Fixed assets are long-term resources that are owned by a business and are used to generate future economic benefits. In order for an asset to be considered a fixed asset, it must be possible to accurately measure its cost, and it must be difficult to convert the asset into cash quickly. Fixed assets can include tangible assets such as real estate, machinery, and equipment, as well as intangible assets such as patents, trademarks, and copyrights. Fixed assets are a key component of a company’s balance sheet and are typically recorded as long-term assets. They are important to a company’s operations and contribute to its overall value.
Property includes land and land improvements. Land is a special type of fixed asset because its value doesn’t deprecate over time. Land improvements such as a road can be deemed as part of the land and not deprecated. In some cases they can be deprecated where they have a useful lifespan. For example, a bridge with a lifespan of 25 years.

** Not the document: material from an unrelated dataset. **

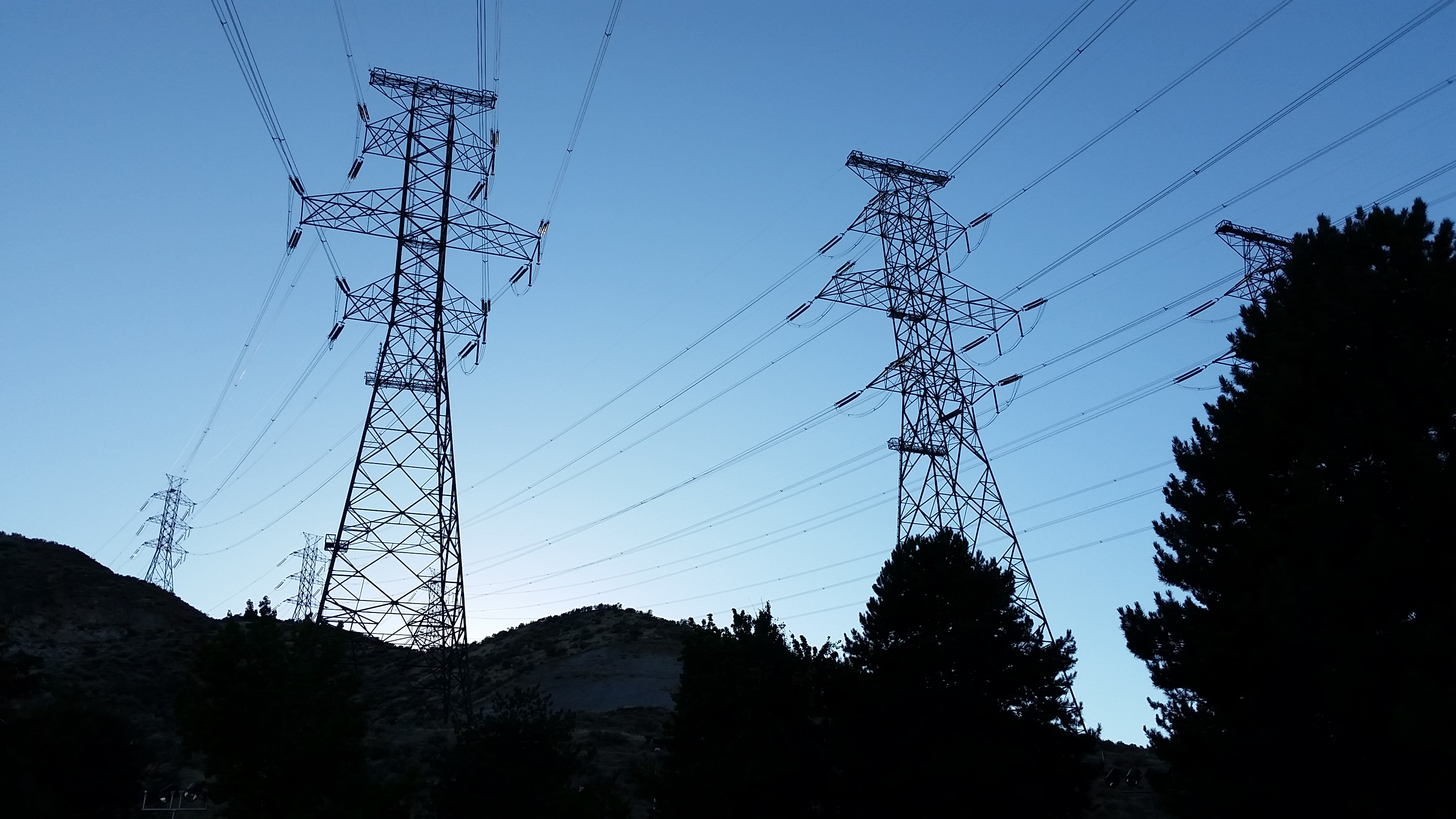 500 kV three-phase AC transmission lines at Grand Coulee Dam, Washington

Plant refers to buildings and other structures. This is a dated industrial-era term that comes from the manufacturing sector. This is still used by accounting standards to describe any building. For example:
- Data Center
- Office Building
- Retail Location
- Telecom Tower
Any equipment, machine, device or other physical entity that produces future value. Again, this is a manufacturing term that is used for all industries. For example:
- Energy Infrastructure
- IT Infrastructure
- Robots Vehicles
It can be difficult to reliably determine a cost of an intangible asset. Likewise, intangible assets often have questionable future value. As such, the criteria for capitalizing intangible assets are quite stringent. Some costs of intellectual property can be considered fixed assets. For example, legal fees for establishing and defending a patent. Likewise, any intangible value that you buy from another firm can be considered a fixed asset because this establishes a cost. For example, if you purchase a trademark from a competitor. Software purchases are fixed assets and certain costs for developing software for internal use can often be considered a fixed asset. In some cases, it is not possible to amortize intangible assets because they are considered to have an indefinite lifespan.